Рота шла вторые сутки, минуя дороги и обходя притаившиеся селения. Впереди – и уже недалеко – должен быть фронт. Он рисовался курсантам зримым и величественным сооружением из железобетона, огня и человеческой плоти, и они шли не к нему, а в него, чтобы заселить и оживить один из его временно примолкших бастионов…
Снег пошел в полдень – легкий, сухой, голубой. Он отдавал запахом перезревших антоновских яблок, и роте сразу стало легче идти: ногам сообщалось что-то бодрое и веселое, как при музыке. Капитана по-прежнему отделяли от колонны шесть строевых шагов, но за густой снежной завесой он был теперь почти невидим, и рота – тоже как по команде – принялась добивать на ходу остатки галет – личный трехдневный НЗ. Они были квадратные, клеклые и пресные, как глина, и капитан скомандовал: «Отставить!» – в тот момент, когда двести сорок ртов уже жевали двести сорок галет. Капитан направился к роте стремительным шагом, неся на отлете хворостину. Рота приставила ногу и ждала его, дружная, виноватая и безгласная. Он пошел в хвост колонны, и те курсанты, на кого падал его прищуренный взгляд, вытягивались по стойке «смирно». Капитан вернулся на прежнее место и негромко сказал:
– Спасибо за боевую службу, товарищи курсанты!
Рота угнетенно молчала, и капитан не то засмеялся, не то закашлялся, прикрыв губы перчаткой. Колонна снова двинулась, но уже не на запад, а в свой полутыл, в сторону чуть различимых широких и редких построек, стоявших на опушке леса, огибаемого ротой с юга. Это сулило привал, но если бы капитан оглянулся и встретился с глазами курсантов, то, может, повернул бы роту на прежний курс.
Но он не оглянулся. То, что издали рота приняла за жилые постройки, на самом деле оказалось скирдами клевера. Они расселись вдоль восточной опушки леса – пять скирдов, – и из угла крайнего и ближнего к роте на волю крадучись пробивался витой столбик дыма. У подножия скирдов небольшими кучками стояли красноармейцы. В нескольких открытых пулеметных гнездах, устланных клевером, на запад закликающе обернули хоботки «максимы». Заметив все это, капитан тревожно поднял руку, останавливая роту, и крикнул:
– Что за подразделение? Командира ко мне!

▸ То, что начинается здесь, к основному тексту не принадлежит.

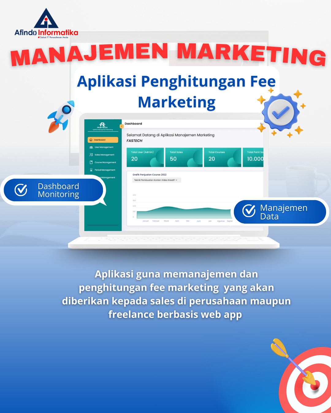 Melalui aplikasi ini, perusahaan dapat memantau jumlah sales, course yang dijual, pencapaian point sales, serta bonus yang harus diberikan kepada masing-masing sales. Proses pencatatan, validasi, hingga pelaporan dapat dilakukan dalam satu dashboard terpusat.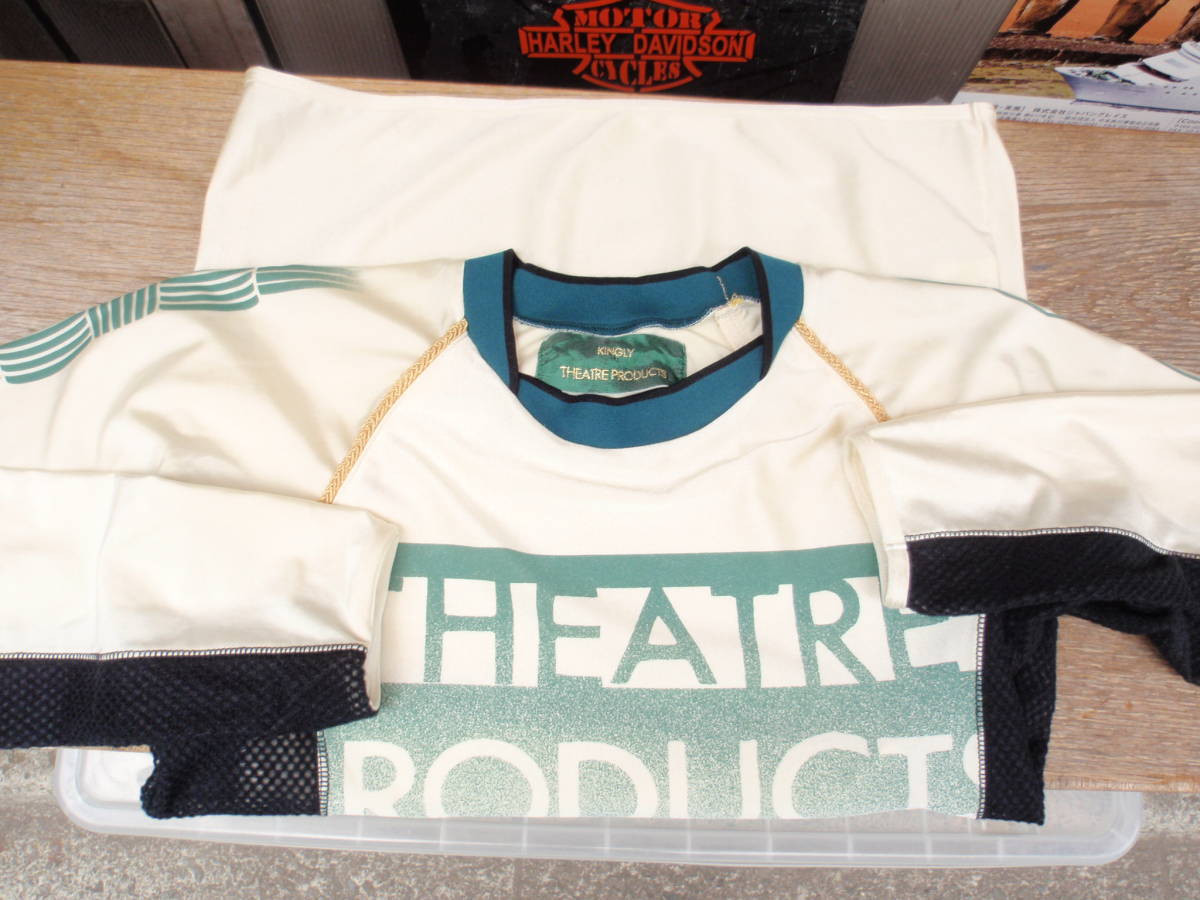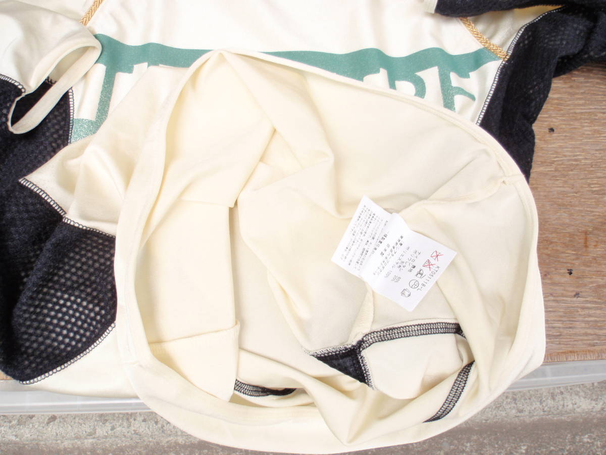 中古品ですので少し使用感と一か所腕に汚れ?がありますが、あまり使って無かったので目立った汚れや傷は無く状態は良いです。日本製シアタープロダクツ(KINGLY)のサイクルジャージタイプなロングTシャツになります。サイズは表記が無いので確かではありませんが、実寸では平置きで身幅43センチ、着丈63センチ、裄丈75センチ位です(表記以上に伸縮します)。正規品。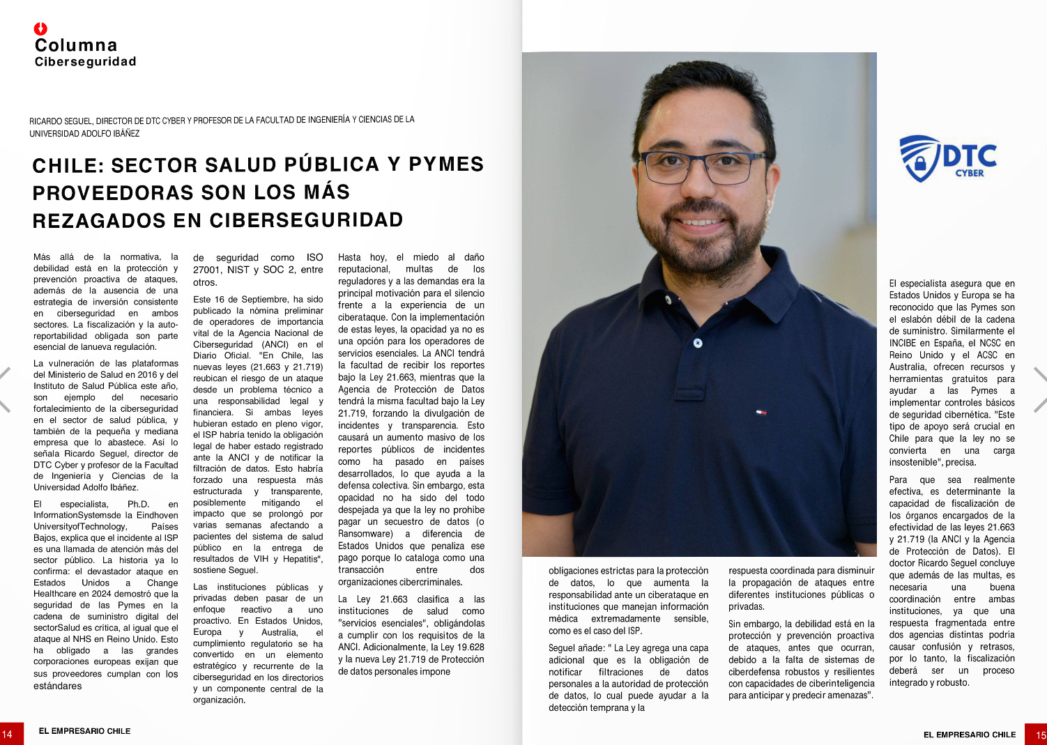 Revista El Empresario Chile, en su Columna de Ciberseguridad, destaca los comentarios de Ricardo Seguel, PhD., Director de DTC Cyber.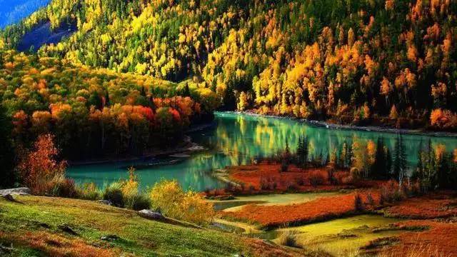 喀纳斯既有北国风光之雄浑,又有南国山水之娇秀,不同的植物群落色彩层次分明,每年9月尤是,金黄、殷红、墨绿各呈异彩,随着天气的变化每天都更换着不同的色调。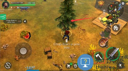 1、装备斧头砍倒松树,收集木材获得经验值。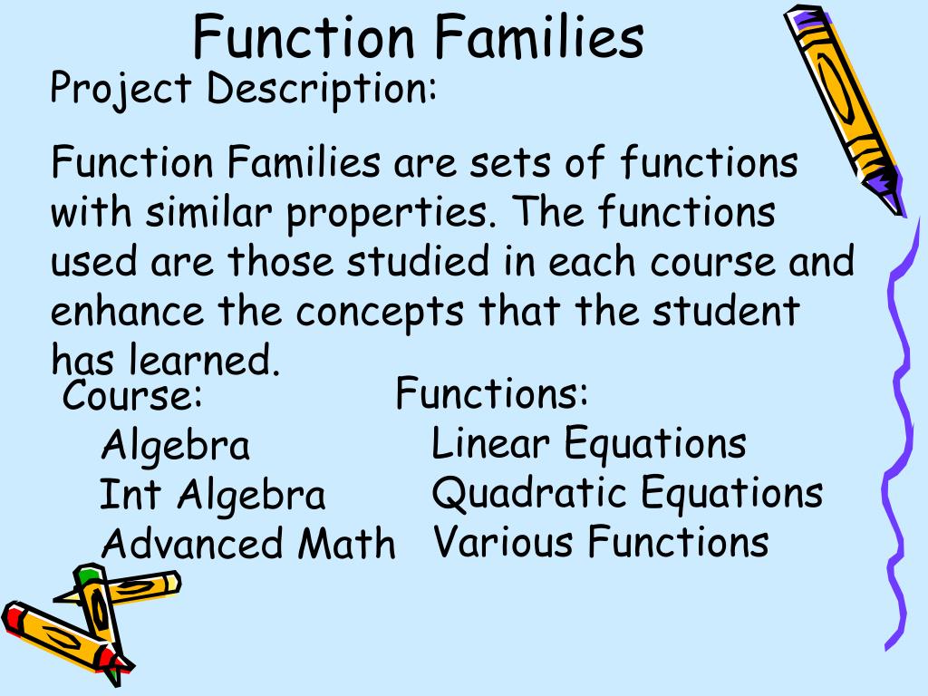 Function Families Project Description: Function Families are sets of functions with similar properties. The functions used are those studied in each course and enhance the concepts that the student has learned. Functions: Linear Equations Quadratic Equations Various Functions Course: Algebra Int Algebra Advanced Math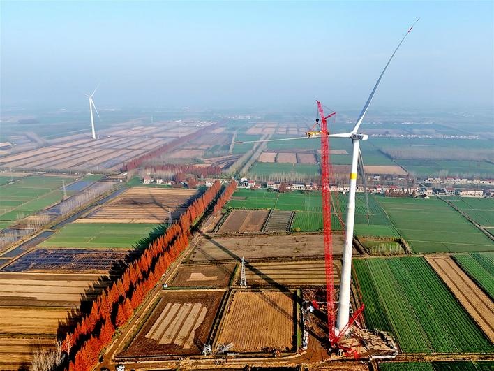 近日,在湖北省潛江市高石碑鎮(zhèn),華潤電力潛江高石碑100兆瓦風(fēng)電項(xiàng)目現(xiàn)場(chǎng),一臺(tái)1200噸的履帶吊將最后一片葉片,緩緩提升至160米高空與風(fēng)機(jī)輪轂精準(zhǔn)對(duì)接成功。該項(xiàng)目風(fēng)機(jī)塔筒整體結(jié)構(gòu)高度為160米,風(fēng)輪直徑為200米,是湖北省內(nèi)吊裝高度最高、風(fēng)輪直徑最大的風(fēng)電項(xiàng)目。(黎先才 李海波 肖平)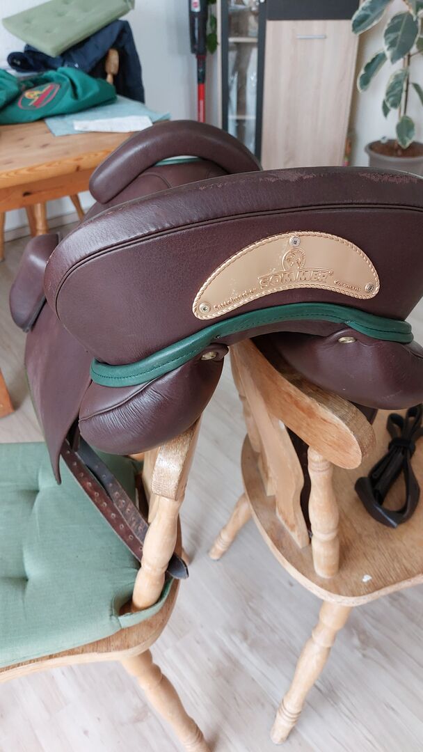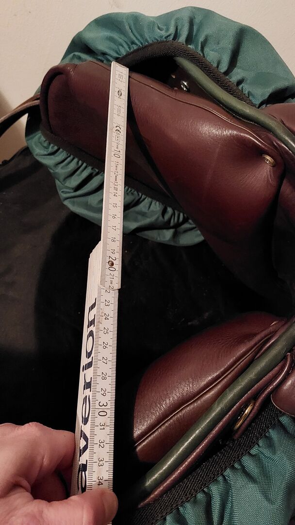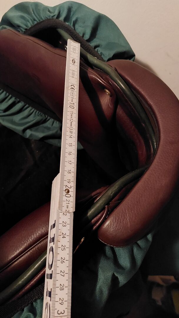 Speciale kenmerken: × diepe zit × zomerzadelboek × kleur bruin/groen × gratis bruine stijgbeugels inbegrepen × originele zadelhoes × zitmaat 19 / 20 × schedelbreedte 31,5 / 32 × de schedelbreedte kan worden gevarieerd van 28 tot 38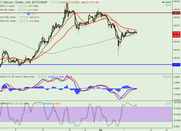 - BTC/USD has recovered till $415 after making a low of $382. It is trading around $410.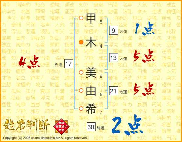 甲(5画)木(4画) 美(9画)由(5画)希(7画)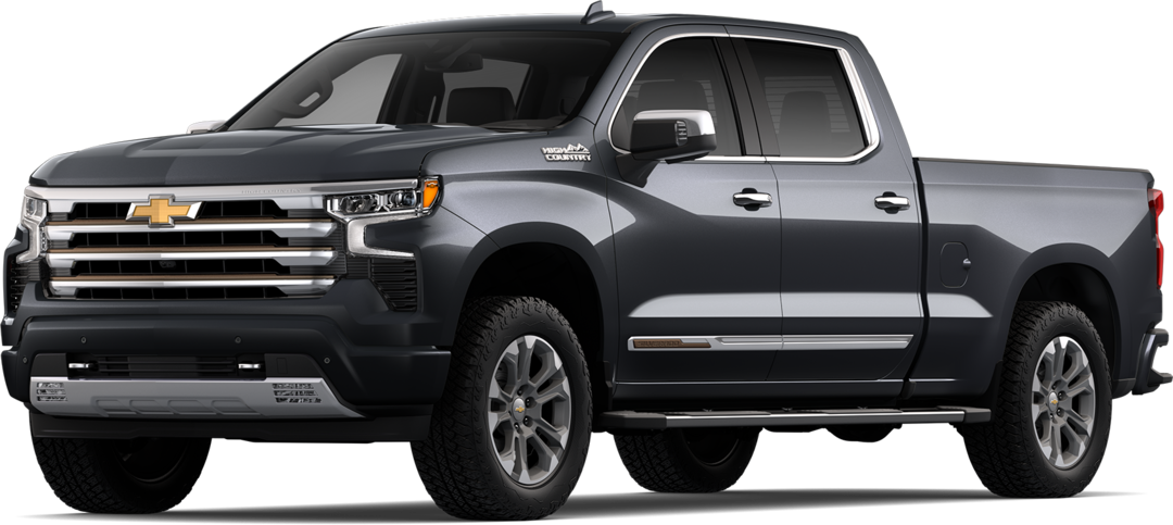 The High Country delivers refined luxury with unique exterior styling, 20-inch wheels, side assist steps, rear heated seats, dual exhaust, and advanced safety technology including adaptive cruise control and enhanced emergency braking.

Ни один из красноармейцев, стоявших у скирдов, не сдвинулся с места. У них был какой-то распущенно-неряшливый вид, и глядели они на курсантов подозрительно и отчужденно. Капитан выронил стэк, нарочито заметным движением пальцев расстегнул кобуру ТТ и повторил приказание. Только тогда один из этих странных людей не спеша наклонился к темной дыре в скирде:
– Товарищ майор, там…
Он еще что-то сказал вполголоса и тут же засмеялся отрывисто-сухо и вместе с тем как-то интимно-доверительно, словно намекал на что-то, известное лишь ему и тому, кто скрывался в скирде. Все остальное заняло не много времени. Из дыры выпрыгнул человек в короткополом белом полушубке. На его груди болтался не виданный до того курсантами автомат – рогато-черный, с ухватистой рукояткой, чужой и таинственный. Подхватив его в руки, человек в полушубке пошел на капитана, как в атаку – наклонив голову и подавшись корпусом вперед. Капитан призывно оглянулся на роту и обнажил пистолет.
– Отставить! – угрожающе крикнул автоматчик, остановившись в нескольких шагах от капитана. – Я командир спецотряда войск НКВД. Ваши документы, капитан! Подходите! Пистолет убрать.
Капитан сделал вид, будто не почувствовал, как за его спиной плавным полукругом выстроились четверо командиров взводов его роты. Они одновременно с ним шагнули к майору и одновременно протянули ему свои лейтенантские удостоверения, полученные лишь накануне выступления на фронт. Майор снял руки с автомата и приказал лейтенантам занять свои места в колонне. Сжав губы, не оборачиваясь, капитан ждал, как поступят взводные. Он слышал хруст и ощущал запах их новенькой амуниции – «прячут удостоверения» – и вдруг с вызовом взглянул на майора: лейтенанты остались с ним.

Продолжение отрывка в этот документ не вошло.